What you submit must be an exact copy of the listing below, with no images in it.

-- Data follows --

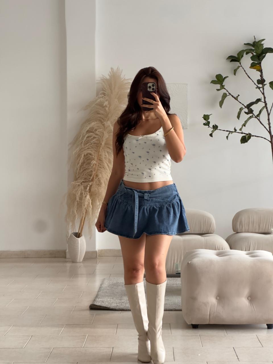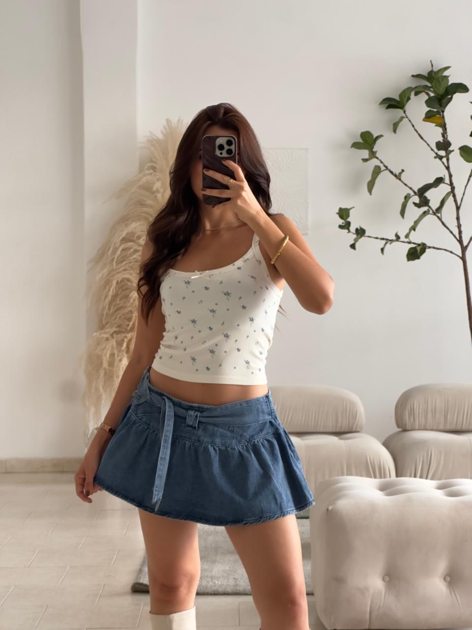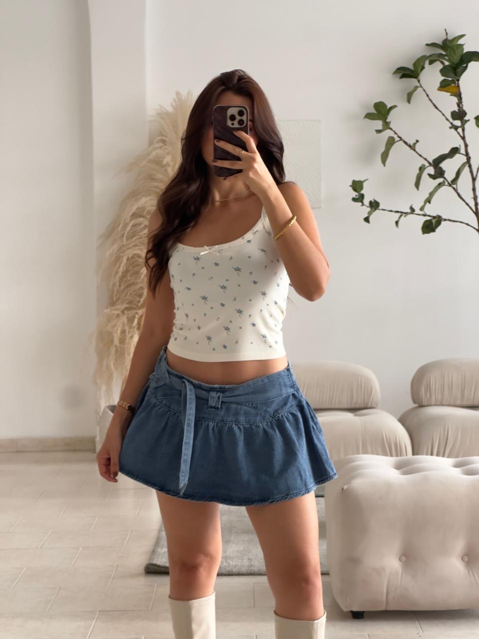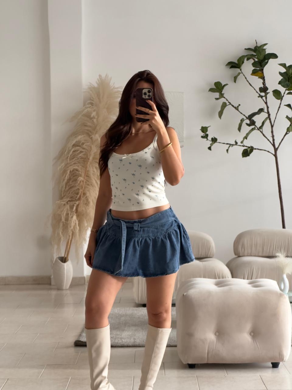 TOP BÁSICO RIB SUAVE FLORECITAS AZULES
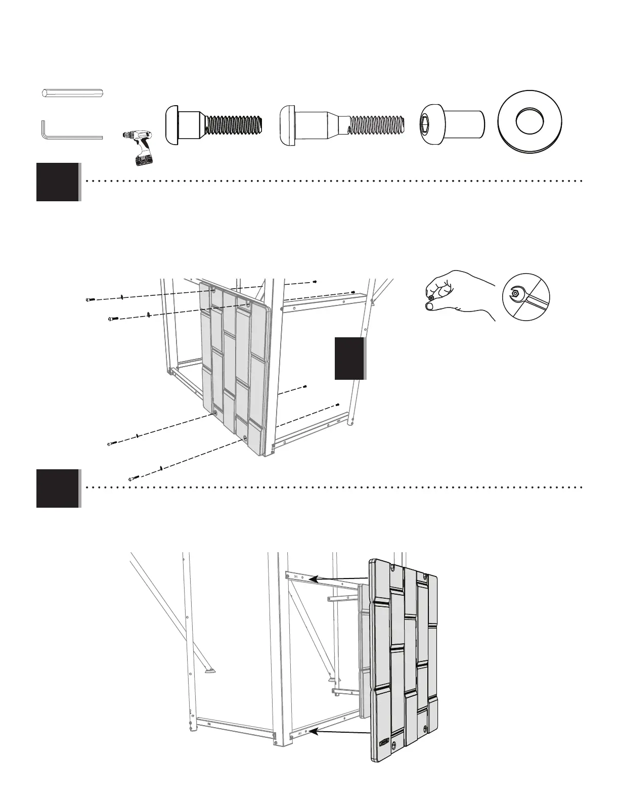 • Attach the Lower Deck Storefront Wall (FJC) to the Long Panel Support Poles (FAT) with the hardware indicated.
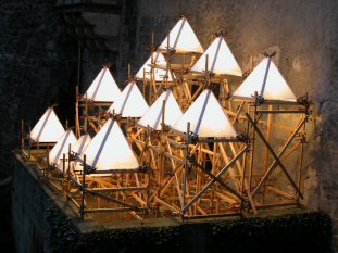 Ein neun-minütiges, sich wiederholendes Computer-Programm brachte die Glühbirnen , mal weich - mal hart- mal atmend - mal gewitterartig, zum Leuchten.

-- Data concluded --

Solution to this task:
 TOP BÁSICO RIB SUAVE FLORECITAS AZULES
 • Attach the Lower Deck Storefront Wall (FJC) to the Long Panel Support Poles (FAT) with the hardware indicated.
 Ein neun-minütiges, sich wiederholendes Computer-Programm brachte die Glühbirnen , mal weich - mal hart- mal atmend - mal gewitterartig, zum Leuchten.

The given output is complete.